Discovered a exceedingly beautiful song, by Faye Wong. Listened to it continuously for 10 hours yesterday.

王菲 - 彼岸花

Title: 彼岸花
Date: 2000
Singer: 王菲
Lyrics: 林夕
Music: 王菲,  張亞東
看見的 熄滅了 消失的 記住了
我站在 海角天涯 聽見 土壤萌芽
等待 曇花再開 把芬芳 留給年華
彼岸 沒有燈塔 我依然 張望著
天黑 刷白了頭髮 緊握著 我火把
他來 我對自己說 我不害怕 我很愛他

Here's a excellent translation by Kevin Wei (Aezura).

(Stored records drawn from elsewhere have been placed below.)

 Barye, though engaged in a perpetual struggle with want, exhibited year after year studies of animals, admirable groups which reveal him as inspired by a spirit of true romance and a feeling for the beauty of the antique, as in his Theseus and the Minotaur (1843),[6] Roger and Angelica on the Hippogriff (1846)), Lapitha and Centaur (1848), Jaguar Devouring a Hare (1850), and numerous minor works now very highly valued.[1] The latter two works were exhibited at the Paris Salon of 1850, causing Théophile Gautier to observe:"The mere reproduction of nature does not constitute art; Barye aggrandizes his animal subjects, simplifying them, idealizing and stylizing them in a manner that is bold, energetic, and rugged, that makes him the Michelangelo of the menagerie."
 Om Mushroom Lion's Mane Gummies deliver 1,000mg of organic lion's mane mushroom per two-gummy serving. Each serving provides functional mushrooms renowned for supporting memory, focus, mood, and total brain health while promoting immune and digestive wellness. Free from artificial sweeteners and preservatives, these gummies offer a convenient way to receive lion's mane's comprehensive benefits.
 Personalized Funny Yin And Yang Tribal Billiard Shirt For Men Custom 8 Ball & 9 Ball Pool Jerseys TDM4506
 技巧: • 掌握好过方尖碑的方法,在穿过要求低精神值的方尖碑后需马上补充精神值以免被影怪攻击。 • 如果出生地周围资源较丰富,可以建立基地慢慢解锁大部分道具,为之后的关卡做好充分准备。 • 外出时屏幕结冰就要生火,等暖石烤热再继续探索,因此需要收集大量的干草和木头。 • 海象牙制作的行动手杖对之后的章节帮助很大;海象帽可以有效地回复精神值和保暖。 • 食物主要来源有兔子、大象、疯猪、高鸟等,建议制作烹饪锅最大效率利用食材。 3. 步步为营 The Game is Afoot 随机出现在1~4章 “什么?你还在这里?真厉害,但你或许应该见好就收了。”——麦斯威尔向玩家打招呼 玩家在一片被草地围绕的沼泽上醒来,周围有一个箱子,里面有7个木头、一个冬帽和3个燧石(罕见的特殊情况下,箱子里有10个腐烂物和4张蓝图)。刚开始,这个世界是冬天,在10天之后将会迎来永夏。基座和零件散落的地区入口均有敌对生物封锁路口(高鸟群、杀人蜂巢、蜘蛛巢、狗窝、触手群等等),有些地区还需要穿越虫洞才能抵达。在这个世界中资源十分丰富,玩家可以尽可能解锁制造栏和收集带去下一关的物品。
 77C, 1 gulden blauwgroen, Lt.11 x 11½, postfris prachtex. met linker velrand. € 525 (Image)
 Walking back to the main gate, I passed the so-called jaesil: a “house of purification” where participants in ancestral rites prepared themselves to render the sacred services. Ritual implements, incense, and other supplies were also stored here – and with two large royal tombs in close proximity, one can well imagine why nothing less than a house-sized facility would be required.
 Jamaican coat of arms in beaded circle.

What was seen, went out like a flame
What has disappeared, will be remembered

I stand, at the corner of the sea, the edge of the sky
I hear, sprouting from the ground

Waiting, for the Queen of the Night to bloom
Saving such fragrance, for the best to come

On the opposite shore, there is no light
But I still yearn

Night, bleached my hair
I grasp the torch tightly

He comes, I say to myself
I am not afraid I love him dearly

Note: He translates 曇花 as “queen of the night”. It's a excellent translation. “Queen of the Night” refers to various night blooming cactus. See: Nightblooming cereus. The english name for 曇花 is Epiphyllum, aka orchid cacti, one of the night blooming cactus. It bears large, strongly fragrant flowers, that bloom for a single night only.

What a beautiful poem. The title of the song is 彼岸花. Literally, it means “flower of the other shore”. What flower is that? Quote from Wikipedia 石蒜:

传说: 曼珠沙华,血红色的彼岸花。一般认为是生长在三途河边的接引之花。花香传说有魔力,能唤起死者生前的记忆。一般来讲,只有血的颜色才衬得起曼珠沙华,因此,我们一般所说的曼珠沙华指的是红花石蒜。

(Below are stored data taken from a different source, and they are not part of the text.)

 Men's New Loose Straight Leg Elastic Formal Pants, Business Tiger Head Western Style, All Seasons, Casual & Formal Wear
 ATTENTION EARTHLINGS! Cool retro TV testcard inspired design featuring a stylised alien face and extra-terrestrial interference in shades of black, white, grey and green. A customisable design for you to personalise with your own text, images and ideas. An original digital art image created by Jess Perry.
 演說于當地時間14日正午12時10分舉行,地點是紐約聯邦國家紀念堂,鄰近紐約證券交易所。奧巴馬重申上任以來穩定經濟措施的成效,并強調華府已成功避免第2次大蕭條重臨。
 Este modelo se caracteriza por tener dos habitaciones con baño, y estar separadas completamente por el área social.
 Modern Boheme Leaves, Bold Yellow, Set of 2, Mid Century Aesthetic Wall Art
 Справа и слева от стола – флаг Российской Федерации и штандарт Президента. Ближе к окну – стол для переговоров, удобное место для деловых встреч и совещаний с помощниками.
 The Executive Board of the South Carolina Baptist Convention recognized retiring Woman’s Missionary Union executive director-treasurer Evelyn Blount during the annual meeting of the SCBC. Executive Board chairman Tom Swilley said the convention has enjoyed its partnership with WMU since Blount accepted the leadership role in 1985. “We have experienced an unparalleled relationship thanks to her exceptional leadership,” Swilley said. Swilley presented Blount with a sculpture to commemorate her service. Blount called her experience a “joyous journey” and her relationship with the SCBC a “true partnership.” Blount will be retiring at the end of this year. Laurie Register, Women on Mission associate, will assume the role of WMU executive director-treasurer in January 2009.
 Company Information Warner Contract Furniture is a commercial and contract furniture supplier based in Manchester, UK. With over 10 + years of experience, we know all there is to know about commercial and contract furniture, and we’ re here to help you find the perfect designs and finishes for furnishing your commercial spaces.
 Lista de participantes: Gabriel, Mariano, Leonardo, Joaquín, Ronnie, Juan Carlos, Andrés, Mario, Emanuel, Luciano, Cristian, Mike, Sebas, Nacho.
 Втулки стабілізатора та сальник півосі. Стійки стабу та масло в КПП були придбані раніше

石蒜(学名:Lycoris radiata),又名红花石蒜、龙爪花、山乌毒,俗称蟑螂花、老鸦蒜,雅名曼珠沙华(源於梵語Mañjusaka)、彼岸花、莉可莉絲等,多年生草本植物,原产中国长江流域。目前广泛分布于东亚各地。种加词radiata意为“放射状的”。

佛经中的曼珠沙华

佛说此经已,结跏趺坐,入于无量义处三昧,身心不动。是时乱坠天花,有四花,天雨曼陀罗华,摩诃曼陀罗华,曼珠沙华,摩诃曼殊沙华。而散佛上及诸大众。 ——《法华经·卷一》   又云:

——云何曼陀罗华?
——白圆华,同如风茄花。
——云何曼殊沙华?
——赤团华。 ——《妙法莲华经决疑》

曼珠沙华、曼陀罗华,是佛经中描绘的天界之花。曼殊沙华、摩诃曼殊沙华、曼陀罗华、摩诃曼陀罗华、芬陀利华、摩诃芬陀利华等等这些称谓源于梵文佛经,曾于《大乘妙法莲华经》中记载过。摩诃的意思是大,大乘梵语发音即为摩诃衍那,至于衍那就是乘载的意思,华在古汉语中即是花之意。这些词语出现在古梵文佛经中,意指地上之花。

red spider lily flower lose-up

彼岸花 (red spider lily) Source upload.wikimedia.org

Here's some selected quotes from english Wikipedia Lycoris radiata:

Lycoris radiata (red spider lily) is a plant in the amaryllis family, Amaryllidaceae.

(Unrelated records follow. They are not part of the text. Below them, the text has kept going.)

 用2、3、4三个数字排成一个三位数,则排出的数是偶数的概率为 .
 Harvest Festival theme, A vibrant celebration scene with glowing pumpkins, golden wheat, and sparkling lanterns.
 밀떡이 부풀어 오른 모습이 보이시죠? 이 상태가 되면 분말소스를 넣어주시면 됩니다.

The red spider lily has many aliases; they are Spider Lily, Naked Lily, and Red Spider Lily. The scientific name of a red spider lily is Lycoris radiata. It can not reproduce sexually. The plant has both sexes and when they produce they just randomly assort their chromosomes so that there is no order to the assignment to each plant. Since there is no order in the chromosomes assortment that means the plant is sterile. The only way for the plant to reproduce is by bulb division.[1]

Cannot reproduce sexually! How fitting.

The red spider lily should be planted in a full-sun environment. It will bloom in late summer and be around 60–70 cm tall.[2] The leaves remain green all winter long and at the first hint of warm weather the following spring, they will die.[3] The Lycoris radiata is a perennial plant. The red spider lily is a monocot.[4] The best type of soil for this plant is sandy and some clay.[5]

This explains the word 沙 in 沙华 in its chinese name.

The Red Spider Lily does not like heat. It prefers a warm environment. When the summer heat becomes unbearable for the Spider lily it becomes dormant. It will then return when the weather has become cooler.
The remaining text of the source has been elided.